START Raw data
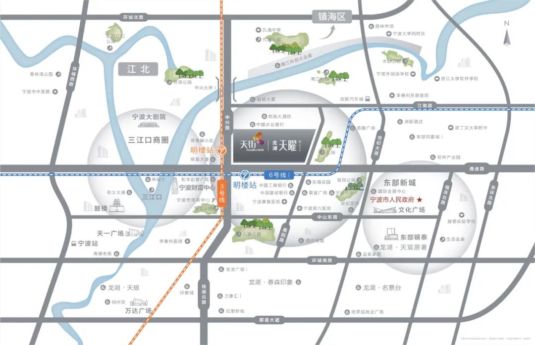 项目的东西南北,分别是东部新城、三江口、鄞州中心区、镇海新城,呈现出众星拱月的姿态。更重要的是,相比单地铁的新世界,龙湖天曜更是一个双地铁(规划)上盖的超级TOD!
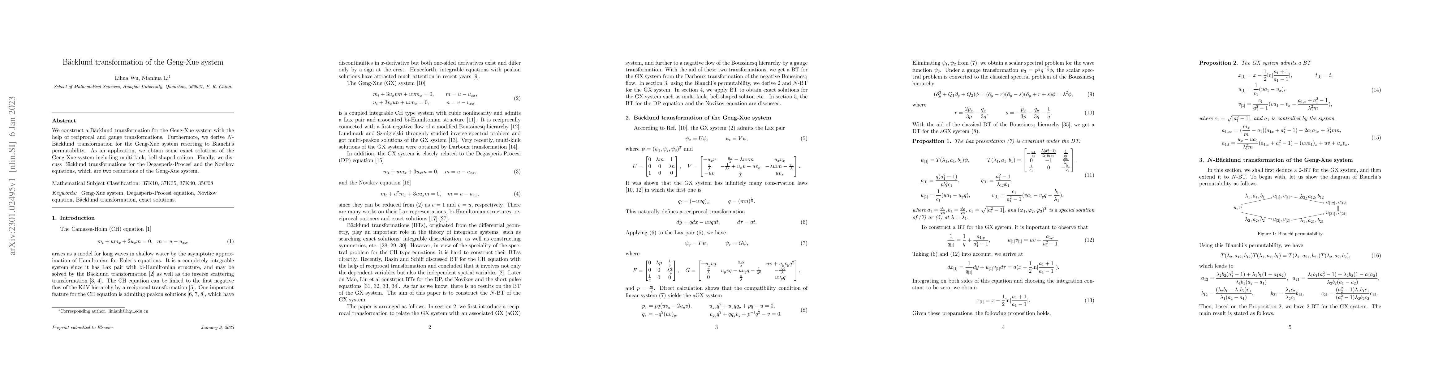This paper constructs a Backlund transformation for the Geng-Xue system using reciprocal and gauge transformations, and derives an N-Backlund transformation via Bianchi's permutability. The study also provides exact solutions, including multi-kink and bell-shaped solitons, and discusses Backlund transformations for related Degasperis-Procesi and Novikov equations.
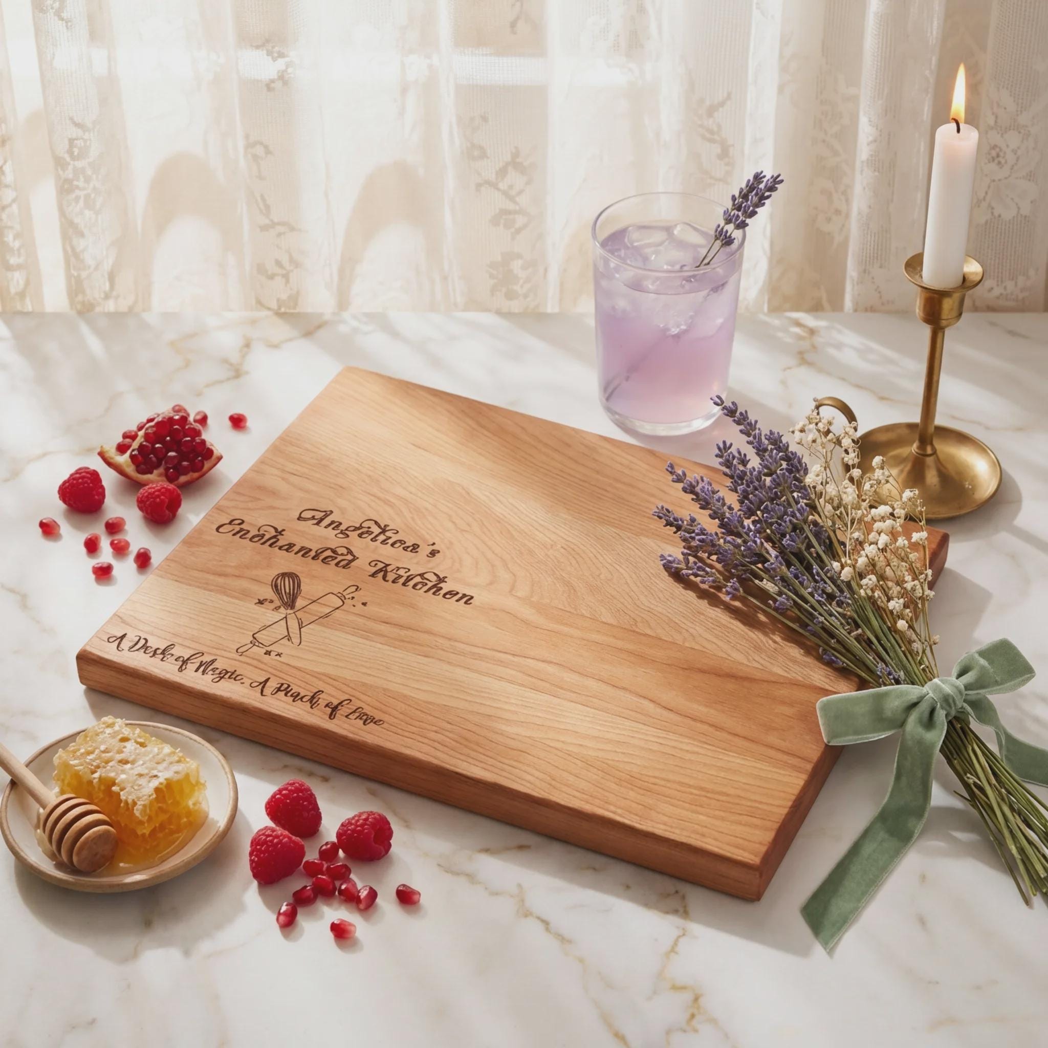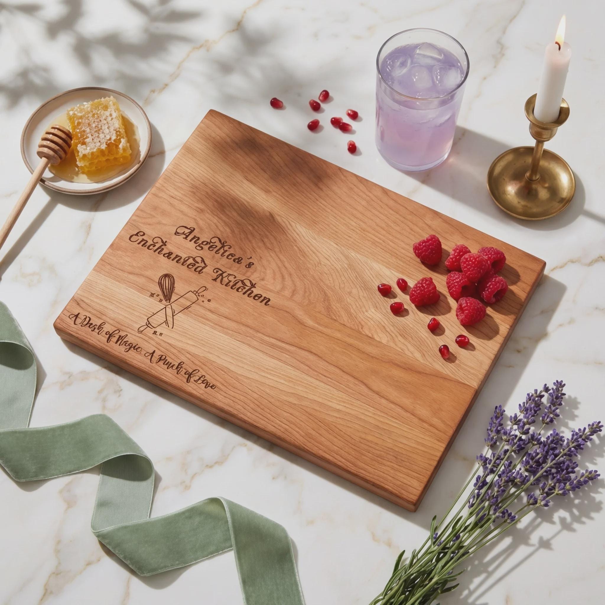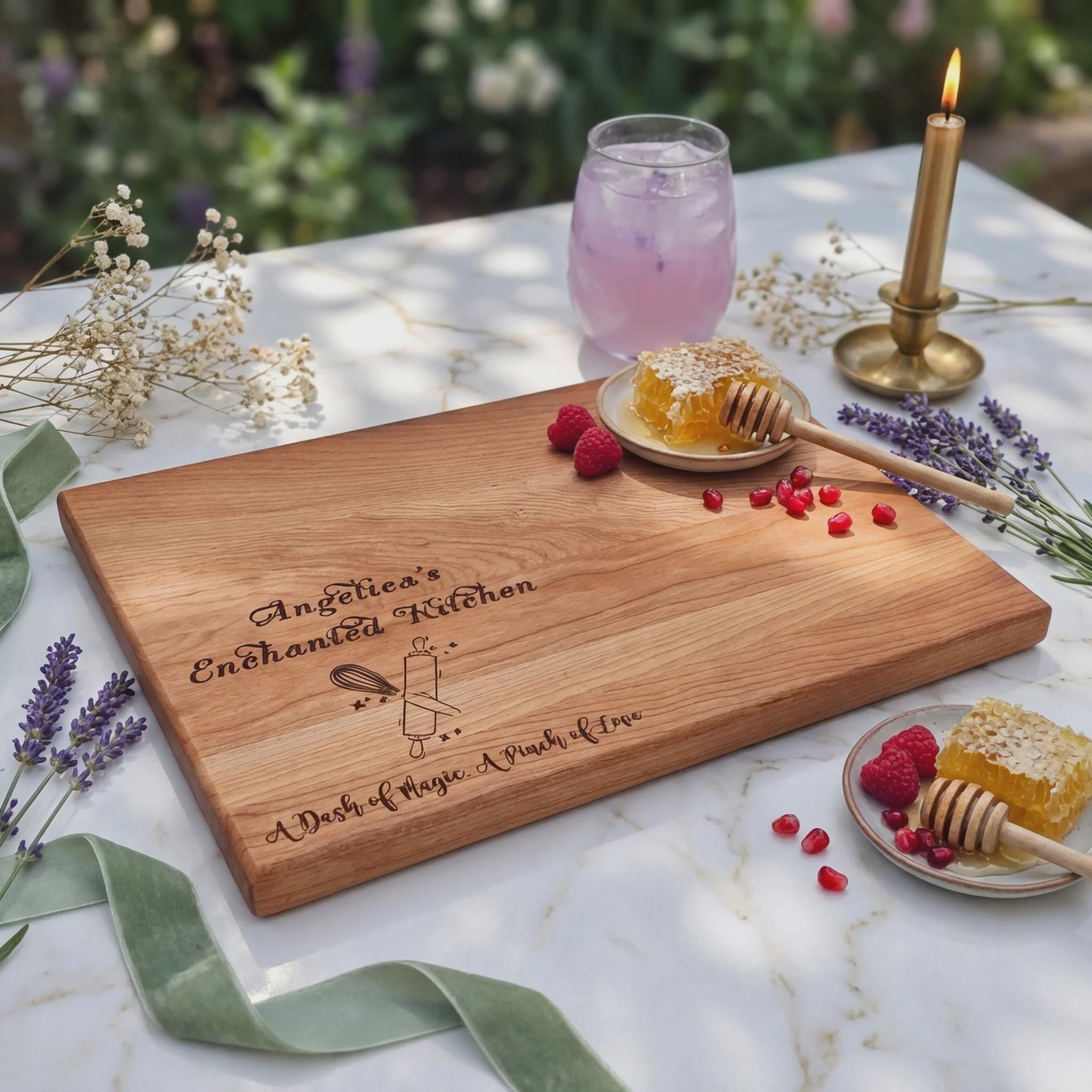 Signature Engraving: Expertly laser-engraved with an enchanting message, this board serves as a daily reminder that every kitchen is magical when filled with love and passion.
END Raw data
What you should do ->
Start to finish, write out the data above exactly, omitting all pictures.

Answer box ->
 项目的东西南北,分别是东部新城、三江口、鄞州中心区、镇海新城,呈现出众星拱月的姿态。更重要的是,相比单地铁的新世界,龙湖天曜更是一个双地铁(规划)上盖的超级TOD!
This paper constructs a Backlund transformation for the Geng-Xue system using reciprocal and gauge transformations, and derives an N-Backlund transformation via Bianchi's permutability. The study also provides exact solutions, including multi-kink and bell-shaped solitons, and discusses Backlund transformations for related Degasperis-Procesi and Novikov equations.
 Signature Engraving: Expertly laser-engraved with an enchanting message, this board serves as a daily reminder that every kitchen is magical when filled with love and passion.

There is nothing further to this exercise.